Ngomane and her fellow student representative council members handed over a memorandum of demands to the principal and department of education district representative.

“Many pupils here are at risk of dropping out of school because we have unsuitable learning conditions. No parent would ever allow their child to come here if they had a choice,” she said.

“We have just celebrated Mandela Day and in the midst of his teachings and vision, this is what we have to endure in our school.”

READ MORE: Parents and governing body shut down Soweto school over poor conditions

School governing body member Pinkie Nokeri said they had contributed and even sought sponsors to help the school, which is dilapidated.

Toilets are overflowing with sewage and there were three children sharing one desk in a classroom.

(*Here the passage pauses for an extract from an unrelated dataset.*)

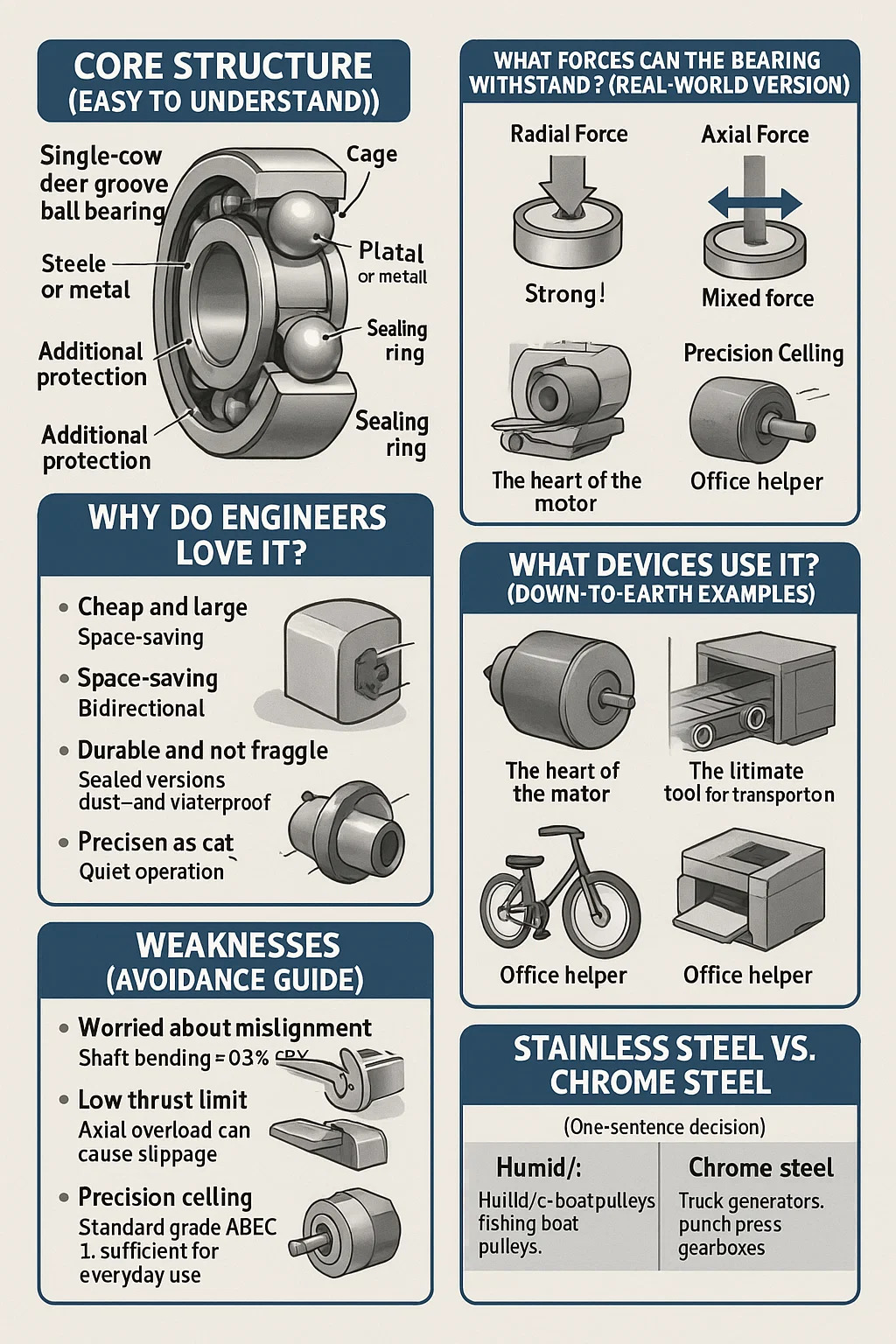 Łożyska poprzeczne: Rowki w kształcie łuku na pierścieniach wewnętrznych i zewnętrznych są głębsze niż kulki, co zapewnia pewny chwyt i płynny ruch toczny.

A parent, Portia Xikoma, said for the past three years, pupils have been complaining about the condition of the school and how it was difficult to learn there.

Gauteng education MEC Panyaza Lesufi had promised to fix the school by 2022, she added.

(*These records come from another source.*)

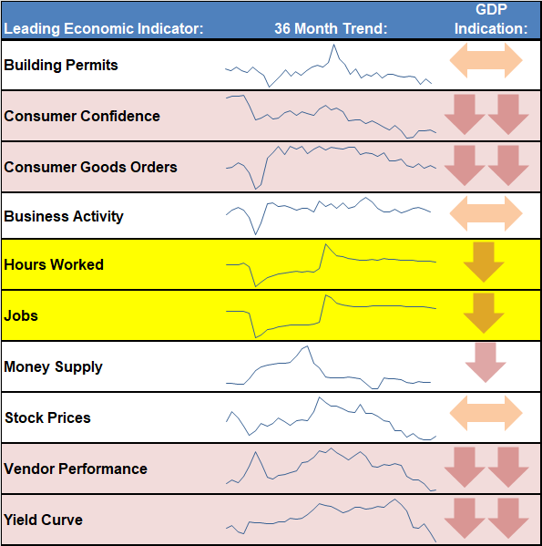 Our quantitative economic model, which was developed in 1995 and systematized in 2001 has been warning about an economic slowdown since April. This month's update shows an economy that appears to be rolling over. Since April, the one bright spot has been the labor market. Despite a headline number on Friday stating the labor market was "hotter" than expected, our data shows both the number of jobs and the hours worked index are slowing. What matters most for economic growth is whether or not the various components are better or worse than a year ago.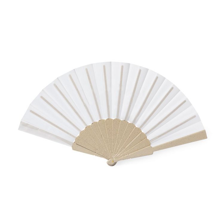 Evantail avec des tiges en fibre de bambou et un tissu en RPET, obtenu à partir de matières plastiques recyclées. Présenté dans une boîte individuelle éco-conçue. (couleur naturel)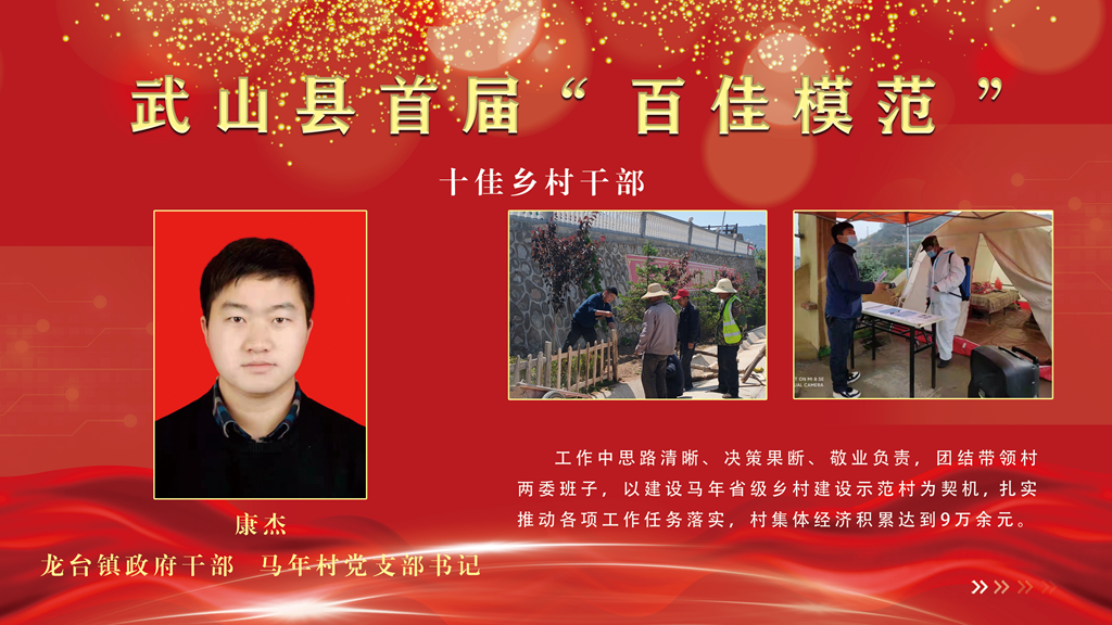 康杰,龍臺(tái)鎮(zhèn)干部、馬年村黨支部書記。工作中思路清晰、決策果斷、敬業(yè)負(fù)責(zé),團(tuán)結(jié)帶領(lǐng)村兩委班子,以建設(shè)馬年省級(jí)鄉(xiāng)村建設(shè)示范村為契機(jī),扎實(shí)推動(dòng)各項(xiàng)工作任務(wù)落實(shí),村集體經(jīng)濟(jì)積累達(dá)到9萬(wàn)余元。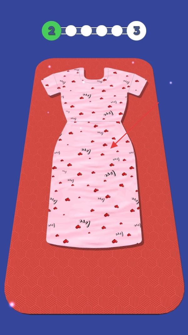 2、在服装关卡里,依据箭头指向对粉色带爱心图案裙子等进行操作,根据进度标识完成服装任务推进游戏。
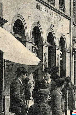 ![]() Mohren Apotheke, Place du Puits rouge et (53 /18) Grand'rue, Luxembourg - vers 1899 (Carte postale: N° 1093 Charles Bernhoeft, Luxembourg; Serie Luxembourg N° 21; Collection: industrie.lu) C. Schroeder |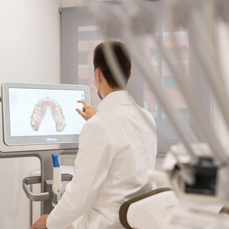 A través de la tecnología de captación 3D y los softwares de diseño de sonrisa, podremos tener una visión digital de los dientes y visualizar contigo en la pantalla los posibles resultados del tratamiento de ortodoncia invisible paso a paso.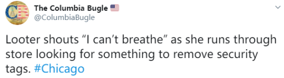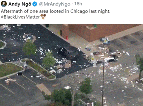“他们正在抢劫PORTILLO和WALGREENS,目测有好几百个抢劫犯!我打了911,但是没有警察接!!!”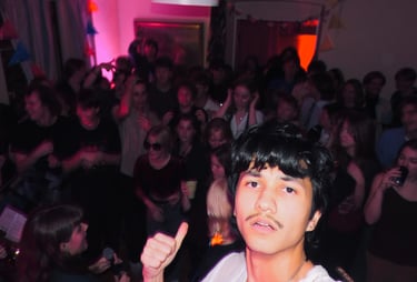 Här tänker Bimo: "Fest på 17 kvadrat meter, det trodde jag minsann aldrig"

“The year is almost at the end and we’re still waiting for them to build our children a proper school,” Xikoma said.

“Even the Minister of Basic Education Angie Motshekga sent people here to take measurements, but nothing still.”

Democratic Alliance (DA) basic education spokesperson Baxolile Nodada vowed to look into the matter and ask members of the provincial legislature to carry out oversight at the school as well.

Parents and the school governing body also shut down Job Rathebe Junior Secondary School in Soweto.